* Activity
For this exercise, transcribe every line of the material exactly and skip the pictures.

* Data records
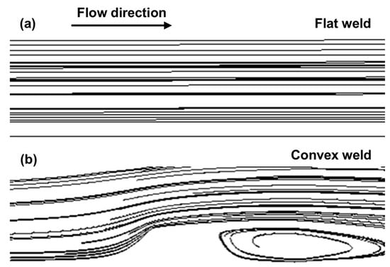 The wall shear stress for the flat weld is the same at each position, but it fluctuates around the convex weld (Figure 14b). Both the flat and convex welds experience relatively lower wall shear stress at low flow velocities (0.5 m/s and 1.2 m/s) than at higher flow velocities (3.2 m/s and 6.9 m/s). Compared with the flat weld at 3.2 m/s and 6.9 m/s, there is lower wall shear stress on the upstream and downstream regions of the convex weld. However, the wall shear stress of the top region is similar to that of the flat weld. It is generally considered that a higher flow velocity is related to a higher corrosion rate []. A high wall shear stress can destroy corrosion products []. The influence of fluids on corrosion behavior still needs to be further analyzed in combination with stream traces.
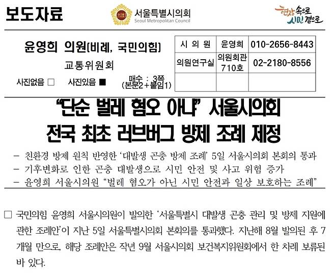 | ▲ 러브버그 방제 조례 제정 윤영희 의원 보도자료 캡처 |
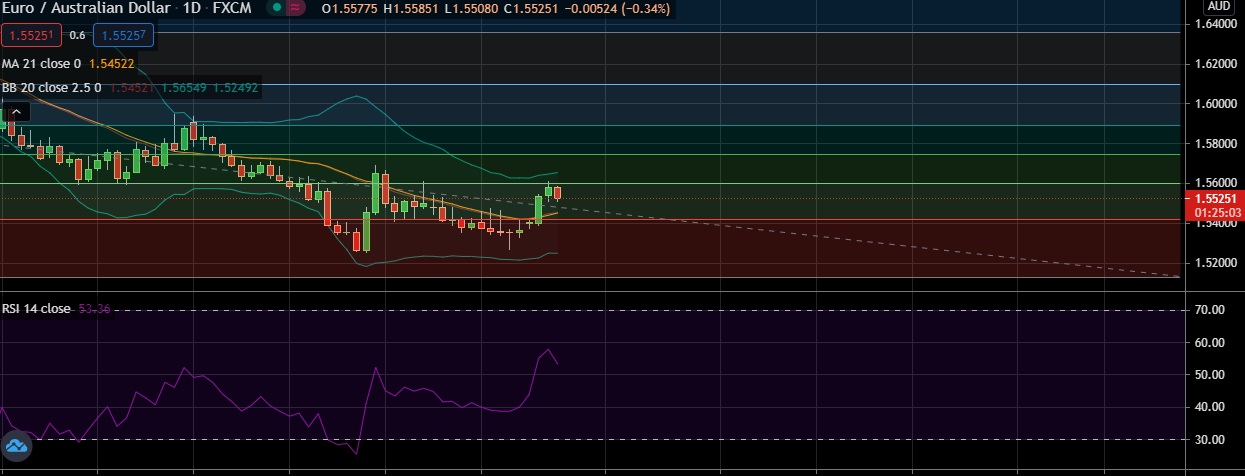 • Support is seen at 1.5454 (21DMA ) and break below could take the pair towards 1.5419 (23.6%fib).
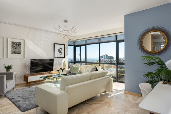 Bright and spacious lounge area with large windows that allow you to enjoy the sea views. The lounge opens onto a balcony where you can enjoy Cape Town's gorgeous sunrises and sunsets.
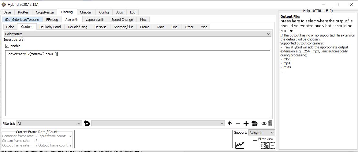 • You tell Hybrid the source is TV Range and bt470bg should be used as color matrix. -> Okay.
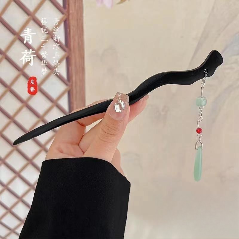 Carta de viento ~ Conjunto de horquilla Nueva horquilla de madera negra fría de estilo chino Accesorios para el cabello de temperamento clásico simple avanzado
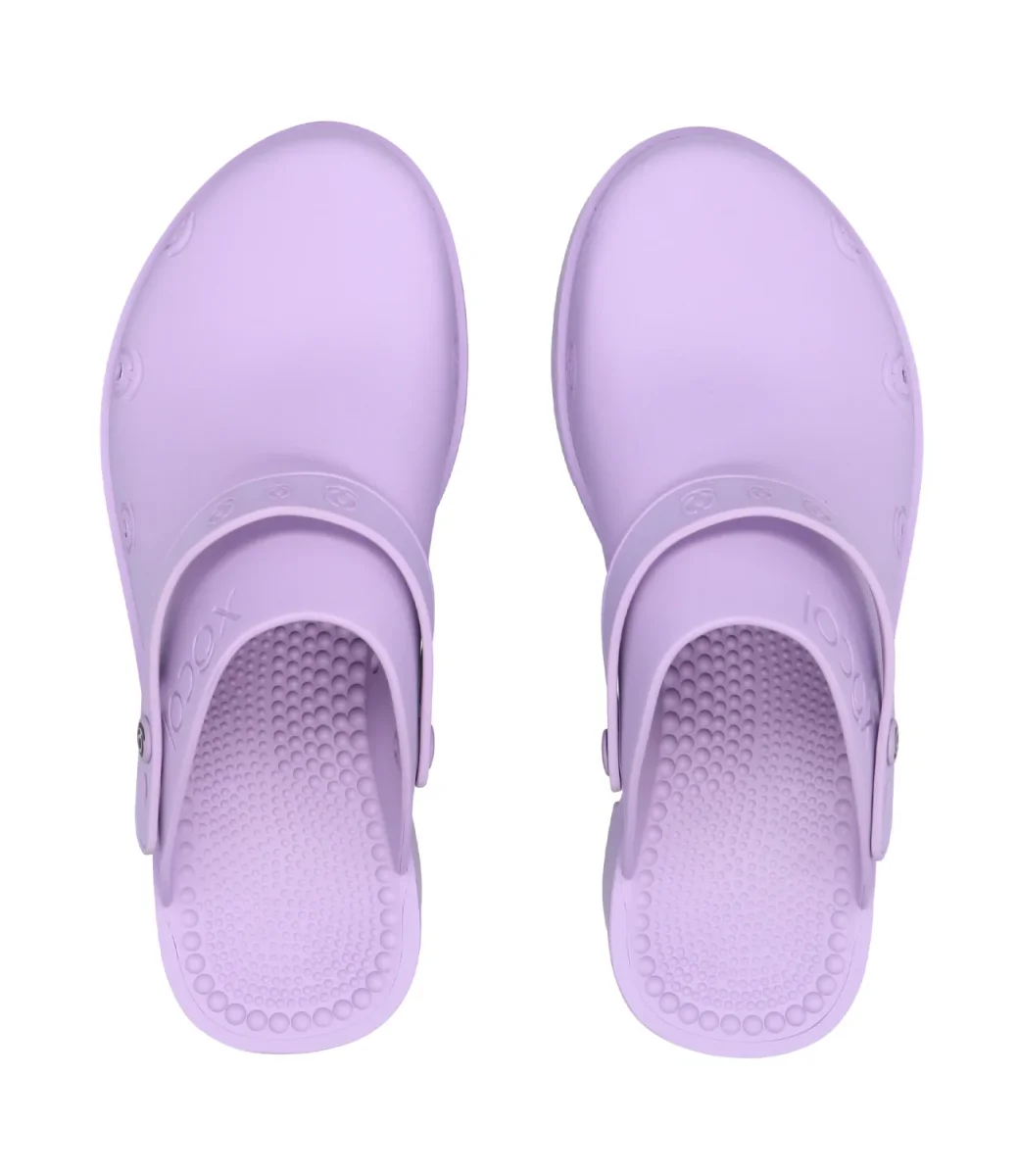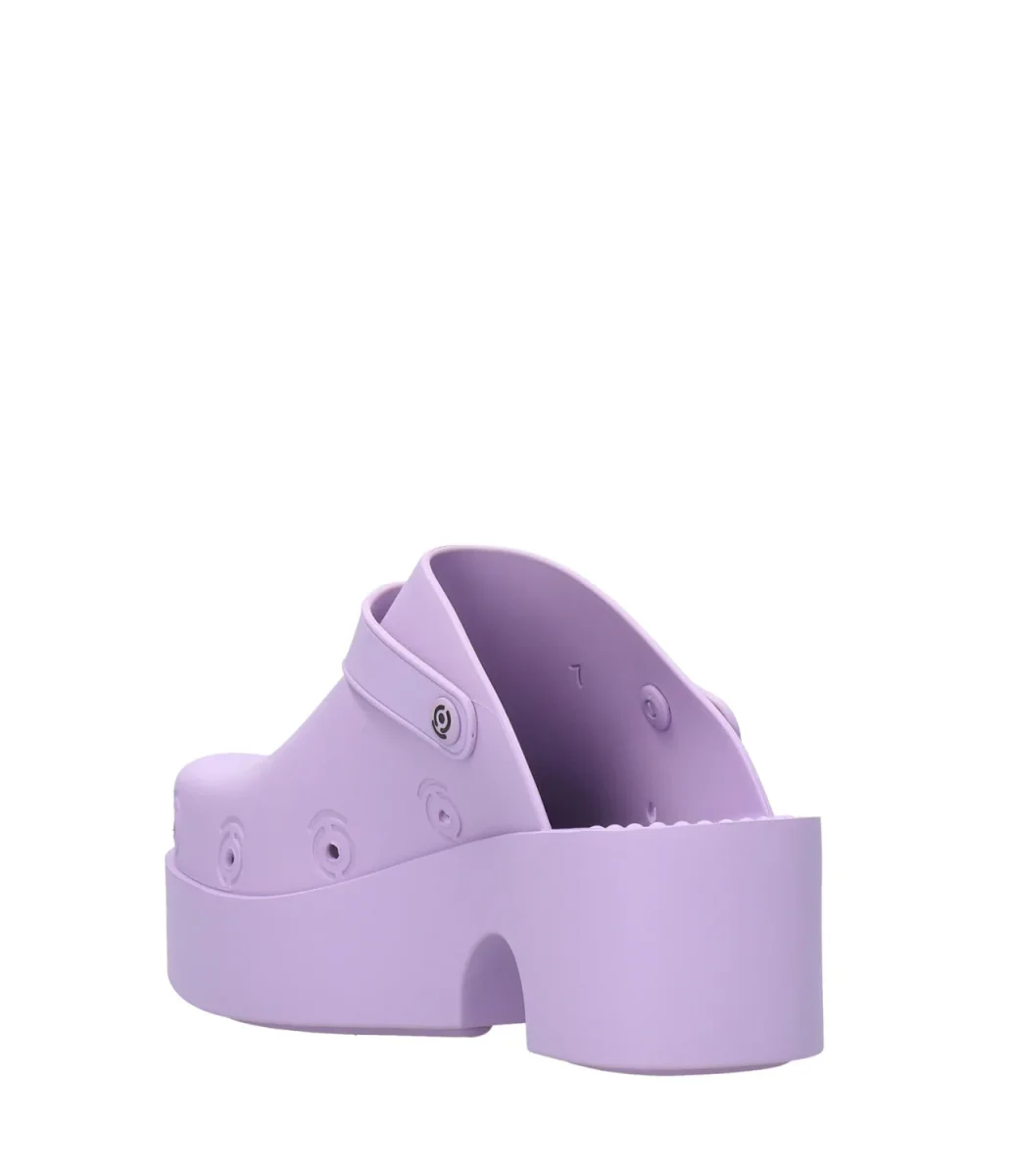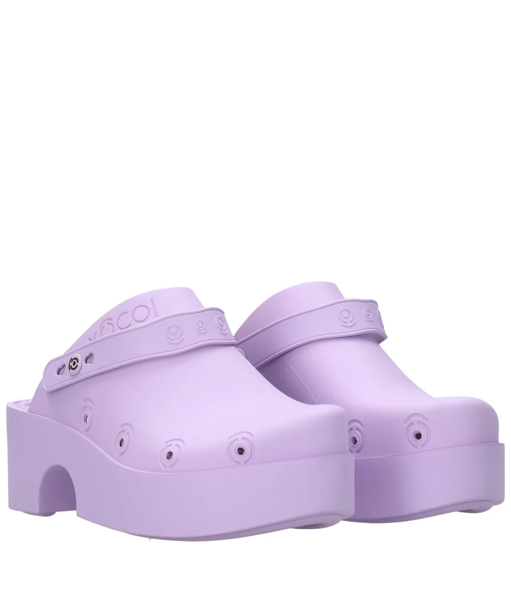 Zoccolo Xocoi realizzato in gomma viola. Lo zoccolo torna ad essere protagonista dell’estate: una calzatura lineare, comoda e versatile che darà una nota di stile a tutti i look. Cinturino regolabile, dettaglio logo frontale, bocchette di ventilazione, soletta interna dentellata,
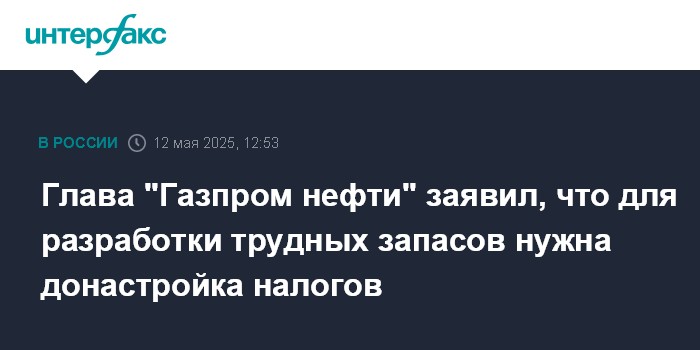 Глава "Газпром нефти" заявил, что для разработки трудных запасов нужна донастройка налогов
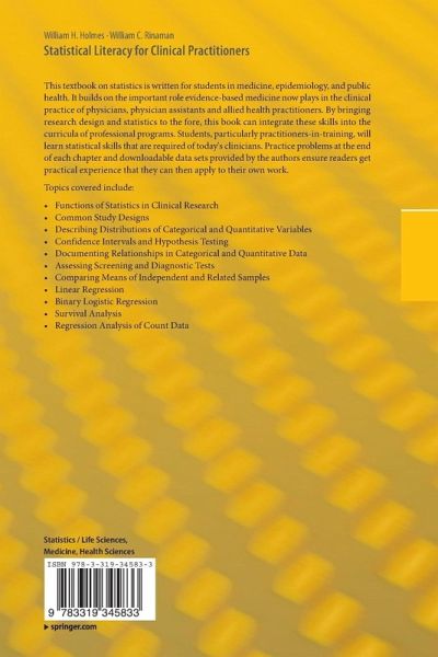 This textbook on statistics is written for students in medicine, epidemiology, and public health. It builds on the important role evidence-based medicine now plays in the clinical practice of physicians, physician assistants and allied health practitioners. By bringing research design and statistics to the fore, this book can integrate these skills into the curricula of professional programs. Students, particularly practitioners-in-training, will learn statistical skills that are required of today's clinicians. Practice problems at the end of each chapter and downloadable data sets provided by the authors ensure readers get practical experience that they can then apply to their own work.
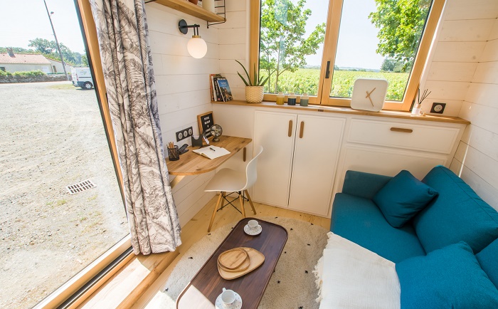 Многофункциональная гостиная позволит отдохнуть, наслаждаясь пейзажем за панорамным окном и плодотворно поработать (модель The ia Orana). | Фото: tinyhouse-baluchon.fr.
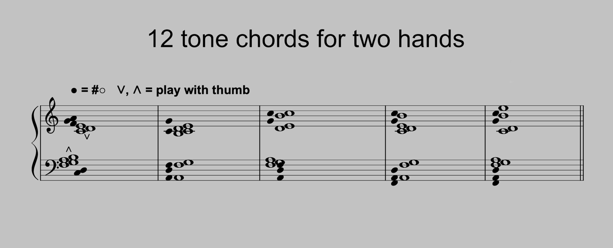 one thumb can simultaneously strike two keys on a keyboard. this allows to play chords containing all 12 notes with two hands. this website is a shared effort to create a growing collection of the various chords possible. please submit any chords you may find. if you wish, your name will be credited with your submission. contact |
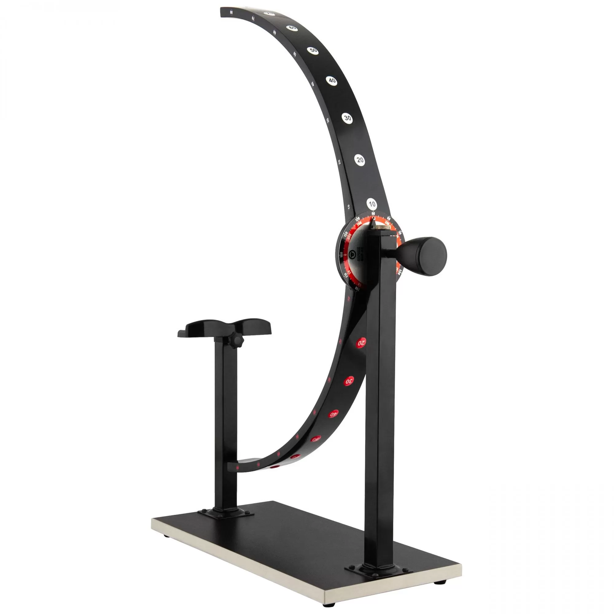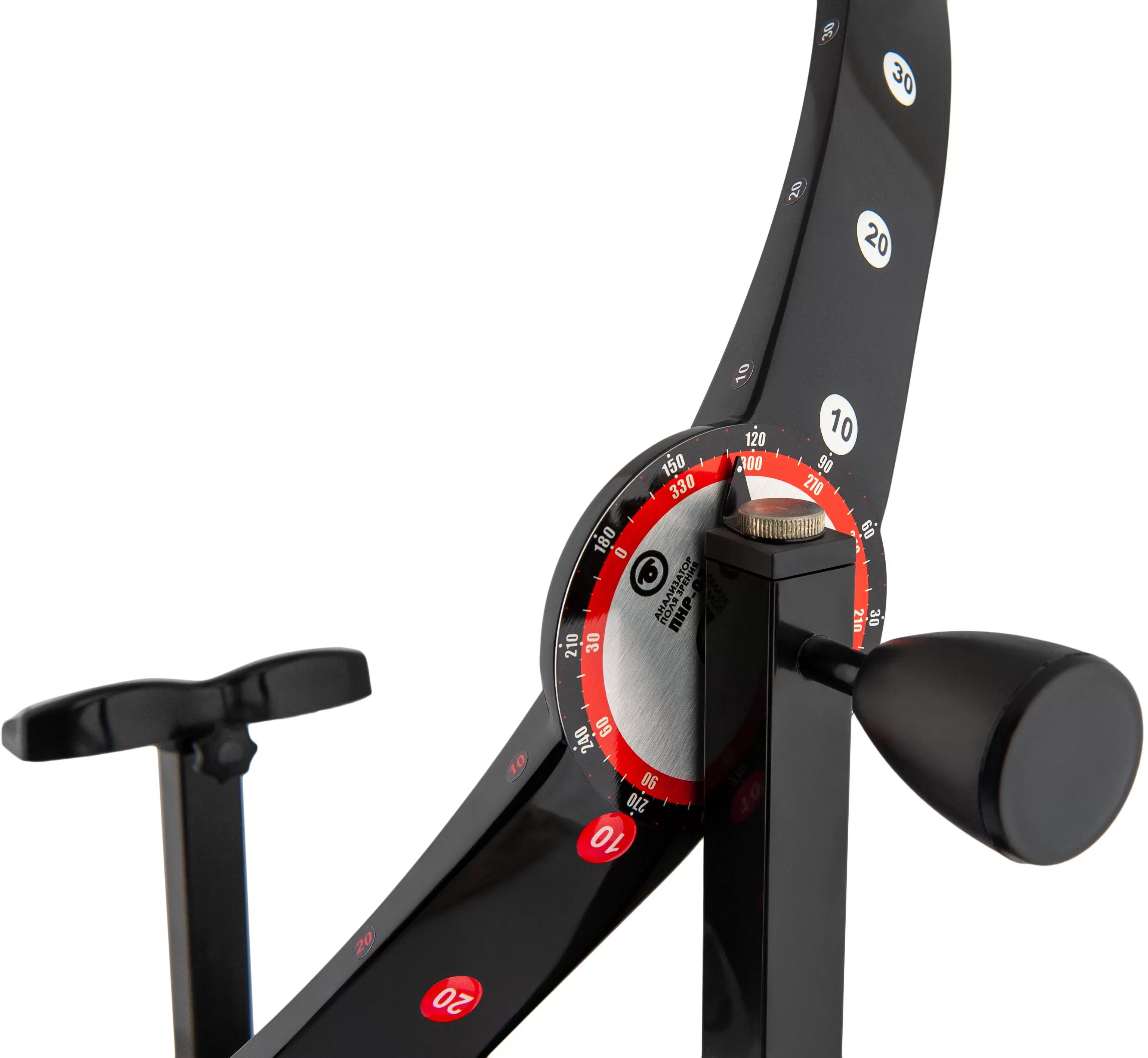 Каждая половина дуги обозначена своим цветом (белым и красным) в соответствии с разметкой на центральной дисковой шкале - это облегчает работу на периметре, упрощает нанесении результатов на бланк и позволяет избежать ошибок. Для удобства пользования градусная разметка дуги нанесена с трех сторон (включая две боковые), что позволяет видеть ее при любом положении дуги.

* Exercise result
 The wall shear stress for the flat weld is the same at each position, but it fluctuates around the convex weld (Figure 14b). Both the flat and convex welds experience relatively lower wall shear stress at low flow velocities (0.5 m/s and 1.2 m/s) than at higher flow velocities (3.2 m/s and 6.9 m/s). Compared with the flat weld at 3.2 m/s and 6.9 m/s, there is lower wall shear stress on the upstream and downstream regions of the convex weld. However, the wall shear stress of the top region is similar to that of the flat weld. It is generally considered that a higher flow velocity is related to a higher corrosion rate []. A high wall shear stress can destroy corrosion products []. The influence of fluids on corrosion behavior still needs to be further analyzed in combination with stream traces.
 | ▲ 러브버그 방제 조례 제정 윤영희 의원 보도자료 캡처 |
 • Support is seen at 1.5454 (21DMA ) and break below could take the pair towards 1.5419 (23.6%fib).
 Bright and spacious lounge area with large windows that allow you to enjoy the sea views. The lounge opens onto a balcony where you can enjoy Cape Town's gorgeous sunrises and sunsets.
 • You tell Hybrid the source is TV Range and bt470bg should be used as color matrix. -> Okay.
 Carta de viento ~ Conjunto de horquilla Nueva horquilla de madera negra fría de estilo chino Accesorios para el cabello de temperamento clásico simple avanzado
 Zoccolo Xocoi realizzato in gomma viola. Lo zoccolo torna ad essere protagonista dell’estate: una calzatura lineare, comoda e versatile che darà una nota di stile a tutti i look. Cinturino regolabile, dettaglio logo frontale, bocchette di ventilazione, soletta interna dentellata,
 Глава "Газпром нефти" заявил, что для разработки трудных запасов нужна донастройка налогов
 This textbook on statistics is written for students in medicine, epidemiology, and public health. It builds on the important role evidence-based medicine now plays in the clinical practice of physicians, physician assistants and allied health practitioners. By bringing research design and statistics to the fore, this book can integrate these skills into the curricula of professional programs. Students, particularly practitioners-in-training, will learn statistical skills that are required of today's clinicians. Practice problems at the end of each chapter and downloadable data sets provided by the authors ensure readers get practical experience that they can then apply to their own work.
 Многофункциональная гостиная позволит отдохнуть, наслаждаясь пейзажем за панорамным окном и плодотворно поработать (модель The ia Orana). | Фото: tinyhouse-baluchon.fr.
 one thumb can simultaneously strike two keys on a keyboard. this allows to play chords containing all 12 notes with two hands. this website is a shared effort to create a growing collection of the various chords possible. please submit any chords you may find. if you wish, your name will be credited with your submission. contact |
 Каждая половина дуги обозначена своим цветом (белым и красным) в соответствии с разметкой на центральной дисковой шкале - это облегчает работу на периметре, упрощает нанесении результатов на бланк и позволяет избежать ошибок. Для удобства пользования градусная разметка дуги нанесена с трех сторон (включая две боковые), что позволяет видеть ее при любом положении дуги.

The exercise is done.